Yes but Xenia - if all the low-paid workers left the SE - Who would do those jobs? You are saying to move to where the work isd, but I'm talking about people that are working. SOMEONE has to do those low paid jobs, even in the SE. And for a lot of them, it would end up costing the state more if they moved to the opposite end of the country (and where exactly in the North are all these fabled jobs that low-paid SE people are being told to move for? My friends in the NE constantly tell me there are no jobs there either). It would cost more as people in low-paid jobs in the SE may also be caring for elderly relatives. If the worker moves - the state then has to care for those elderly people.

And anyway, Xenia - if all the bin men, shop workers, hospital cleaners, household cleaners, Hospital porters etc move elsewhere - How do the people in the SE feel about none of those jobs being done??

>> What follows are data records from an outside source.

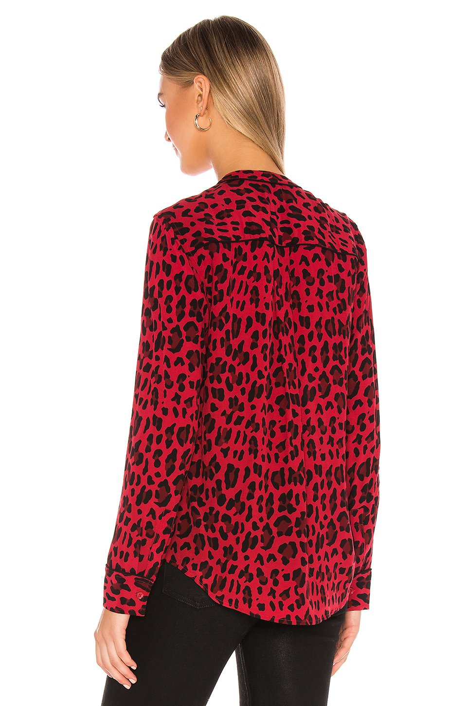 ビスコース混紡フロントにボタン留め具ボタン付カフ後ろが長いテールヘム
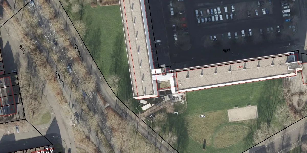 Het perceel waarop Spui 173 staat heeft een oppervlakte van 9783 m². Dit is een zeer groot perceel. De perceeloppervlakte wordt geregistreerd door het Kadaster. Gedetailleerde informatie over de maten van dit perceel kunt u vinden in het rapport Kadastrale kaart met maatvoering van Spui 173.
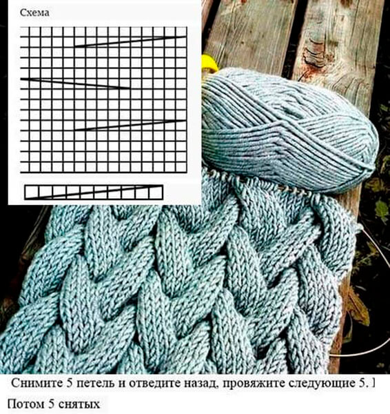 2. Далее перейдите на более крупные спицы №5 и вяжите узор из кос по схеме 1. При этом в 1-м ряду равномерно прибавьте 32 п.
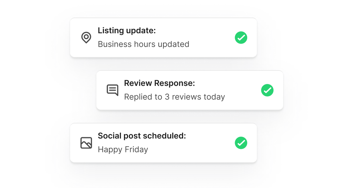 Les PME disposent d'outils qui les aident réellement à se développer, tels que des réponses aux avis rédigées par l'IA, des publications sur les réseaux sociaux planifiées automatiquement et des listes locales synchronisées. Vous obtenez en retour des revenus prévisibles.
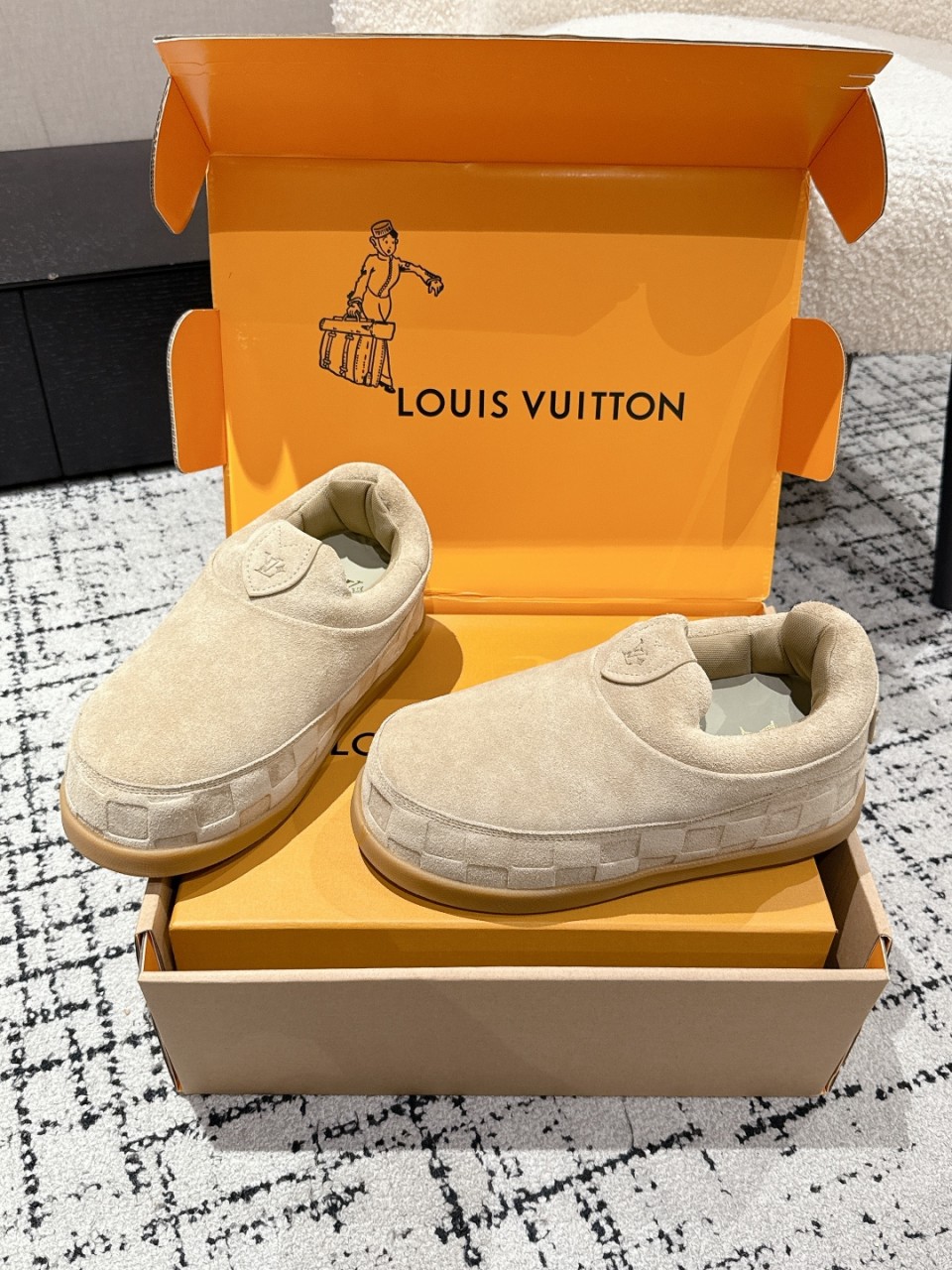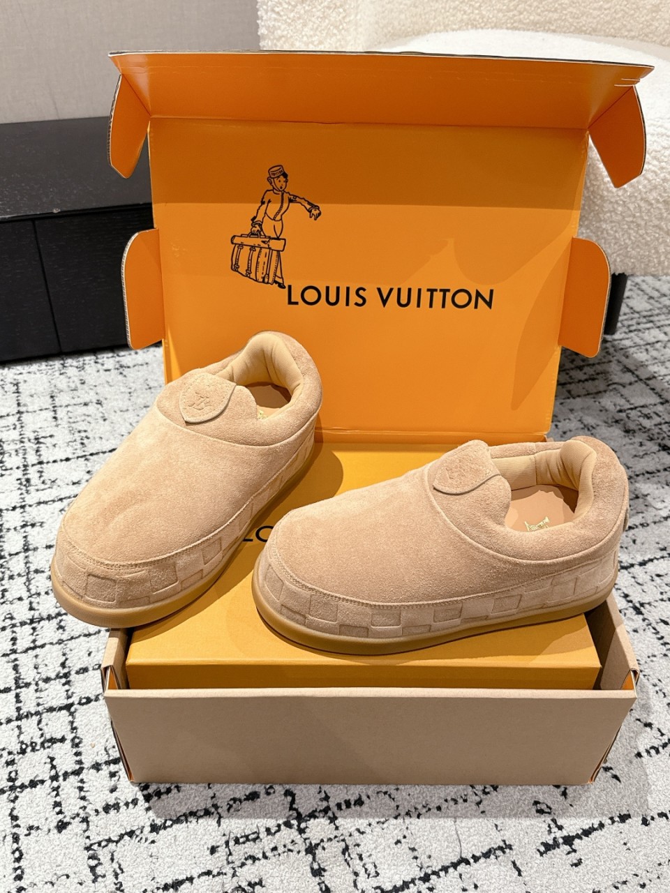 LV Yeti 시리즈의 최신작 → 세련된 겨울 시즌 한정판 디자인 겉감 : 프리미엄 수입 소가죽 → 고급스러운 질감과 내구성 안감 : 맞춤형 에어 메시 → 편안한 착용감과 통기성 제공 오리지널 몰드 오픈 논슬립 TPU 소재 → 미끄럼 방지 & 안정감 강화 아웃솔 : 5cm 두께 → 키 높이 효과와 안정적인 착화감
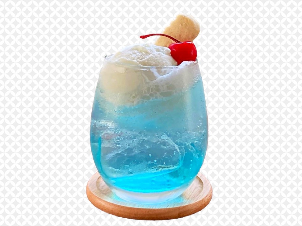 かき氷シロップで大人気のブルーシロップ。青いクリームソーダにもぴったり。
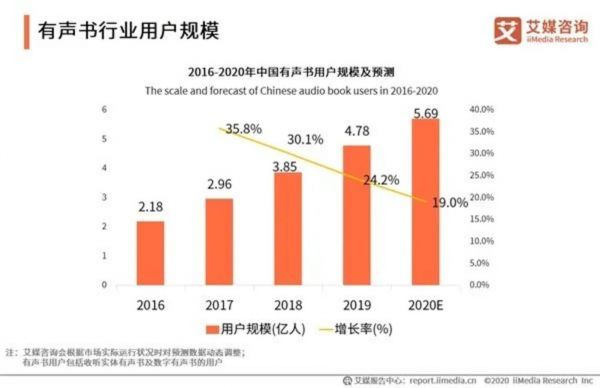 不仅受高薪吸引的从业人员,其规模在不断扩大。关于整个有声书市场,有更直观的数据显示,从2019年12月全国性的新冠疫情爆发以来,线下消费受限,线上消费快速增长,2020年有声书行业得到进一步发展,到2020年有声书市场规模达到95亿元。
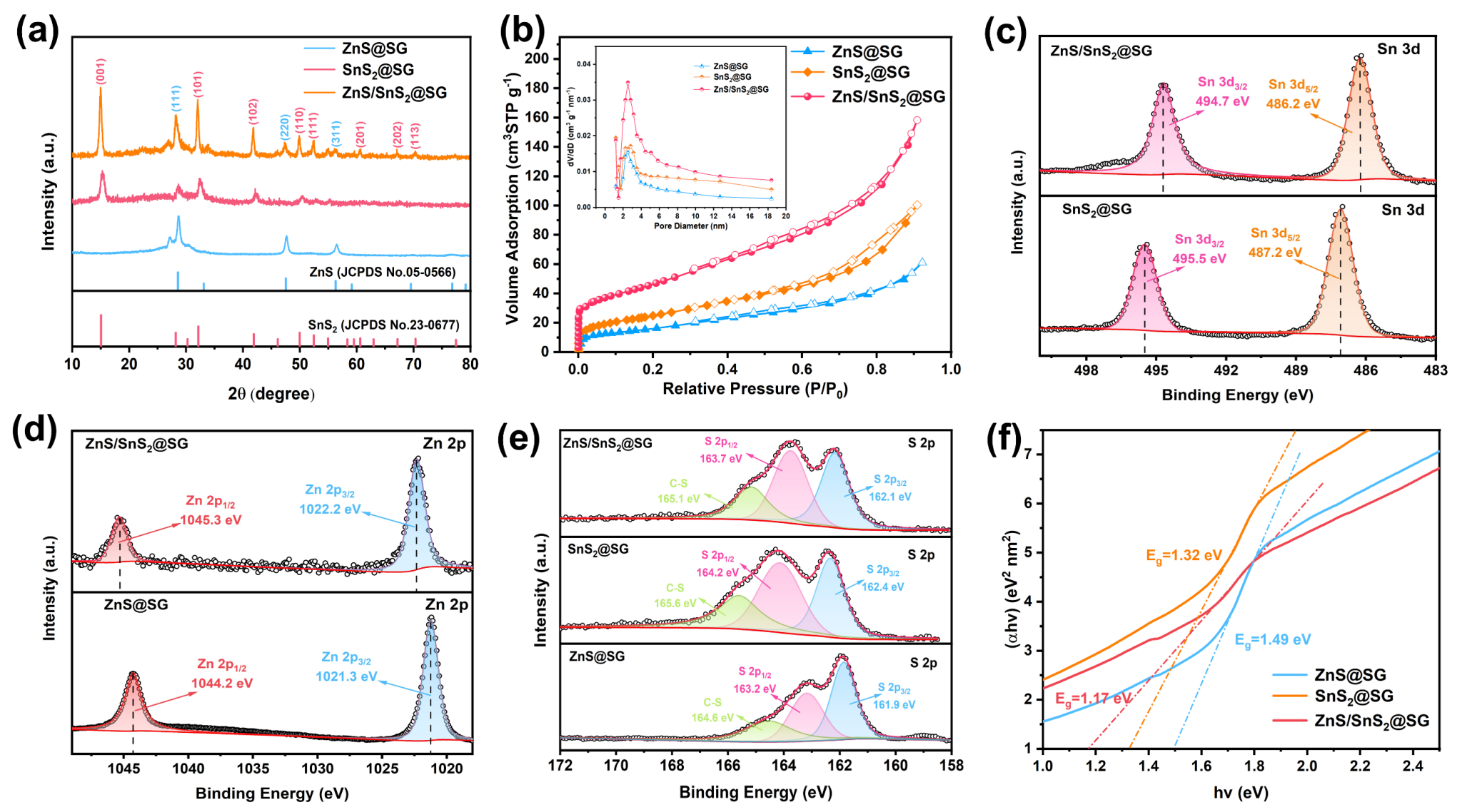 XRD和XPS测试证明了ZnS/SnS2@SG的成功合成。BET结果则表明ZnS/SnS2@SG具有较高的比表面积和合适的孔径分布,有利于增加电化学活性区域和位点并保证快速高效的Na+存储。UV-vis光谱测得ZnS/SnS2@SG具有最小的带隙值,表明内电场可以有效地减小带隙,显著提高本征电导率。
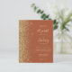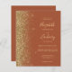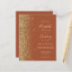 A borda esquerda deste elegante convite de casamento moderno apresenta uma borda falsa de ouro. O texto personalizável combina uma letra pálida de cor dourada, uma letra copperplate e uma letra itálico num fundo de terracota. O verso fornece espaço para detalhes do casamento em um fundo de terracota sólido, junto com um código QR que os convidados podem digitalizar para visitar seu site e RSVP.
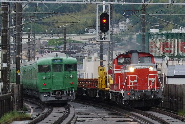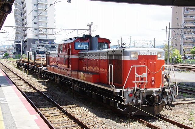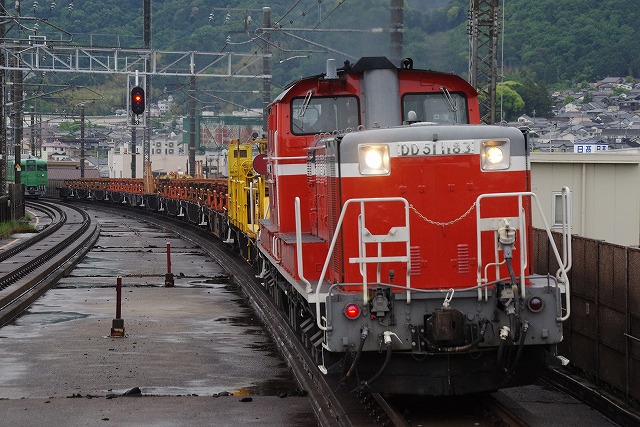 土日にDD51工臨の運転があり京都へ。15日土曜日の運転は、向日町発の近江八幡工臨。この列車は近江八幡を通過し、一旦米原まで行き機回しして、近江八幡駅下り本線から推進で側線へチキを押し込む運転形態だ。まず上りは停車時間のある草津駅前後で撮影した。駅そばの麺屋で鶏天そばで朝メシにして近江八幡へ。 |
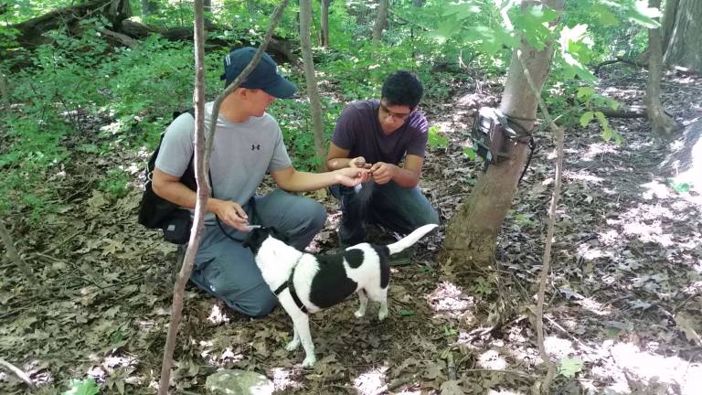 About a year later, Yau received a call from Mark Weckel, a conservation biologist at the Upper West Side’s American Museum of Natural History and co-founder of Gotham Coyote Project (GCP), a collaborative research effort to better understand the elusive coyote and its role in our urban ecosystem. The two had had the same graduate research advisor while studying jaguars in Belize, and Weckel thought Yau could employ his dog-training expertise to train dogs to detect coyote scat (droppings) in the field.
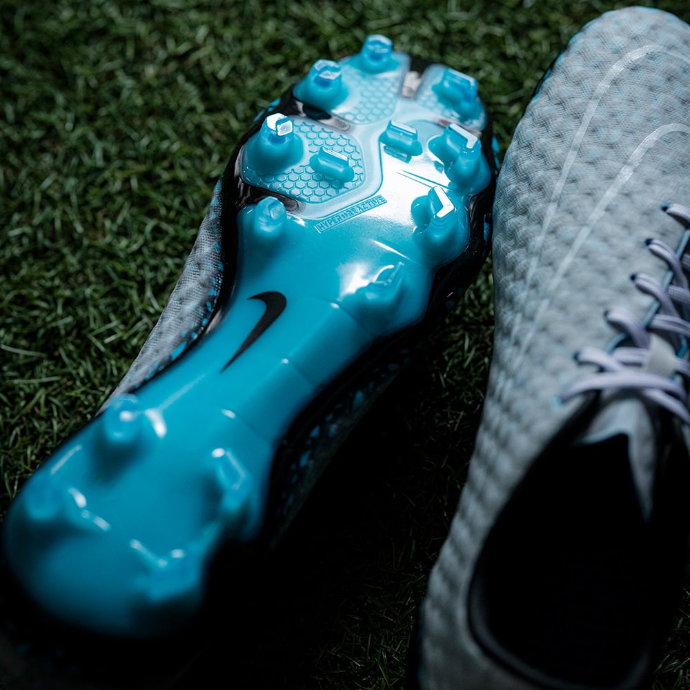 アウトソールには「ハイパーヴェノム3」の”ハイパーリアクティブ プレート”を採用。数種類の形状で構成されるコンビネーションスタッドが、カットイン、加速、素早いシュートを実現。円錐形のスタッドが素早いターンを、六角形のスタッドが力強い加速をもたらします。

CardyMow · 17/11/2010 17:24

And also - utility and food prices have risen massively in that time. Even since I started running my own home in 1998. Milk in '98 was 21p a pint - now 44p. Bread (a decent loaf) was 47p - the same loaf is now £1.24. Water bills were nowhere near as high, neither were gas or electricity bills. Council tax in 1998 was about half the level it is now.

Xenia · 17/11/2010 21:12

Sorry what it the point. I'm suggesting people can keep £20k of their income tax free so a couple would keep £40k in the SE - there are full time workers in the SE on £13k minimum wage but not that many and most houses have two incomes coming in and indeed its' culturally normal where I live to live with 4 earners actually because we have different family patterns outside of the white British bits of the UK. SO why are things unaffordable if you strip out benefits and get tax down to 20% and £20k PA single person allowance?

CardyMow · 17/11/2010 23:02

Because not every family CAN have 2 ft workers. And there ARE lots of people on minimum wage in the SE. And it's no longer most houses that have 2 incomes coming in - it's only about 55-60% if I remember rightly (can't remember where the heck I saw that fig, sorry). So 40-45% of houses either have one income due to SAHP or one income due to LP or one income due to disbailities that are too bad to work FT, but not bad enough to get DLA.

Why do you seem to think that a shop assistant in the SE gets paid more than a shop worker in the NE for example? Minimum wage is the same countrywide. So how can there be 'not that many' minimum wage workers in the SE?

OK some cultures in the UK may have 4 earners/ different family patterns, but it's not the norm for a lot of people, they have 1/2 FT workers, and may only have a household income of £12-£24K pa (£12K is minimum wage FT, not £13K, so £12K for one earner, £24K for 2 ft earners).

There are PLENTY of people in the same/similar situation to me in the SE - Take for example, a couple with 3 dc, two of whom have disabilities - one FT worker, other in receipt of carers allowance - which you only get paid for one, not 2, so around £53/wk. So if the FT worker is on min wage, and you add on the 'income' from CA - It certainly wouldn't cover every cost needed to survive above poverty level.

What if you don't have the potential to earn £20K? Not everyone does, you know - shop managers in my SE town are paid £14-£17K pa, and not everyone is capable of being a shop manager!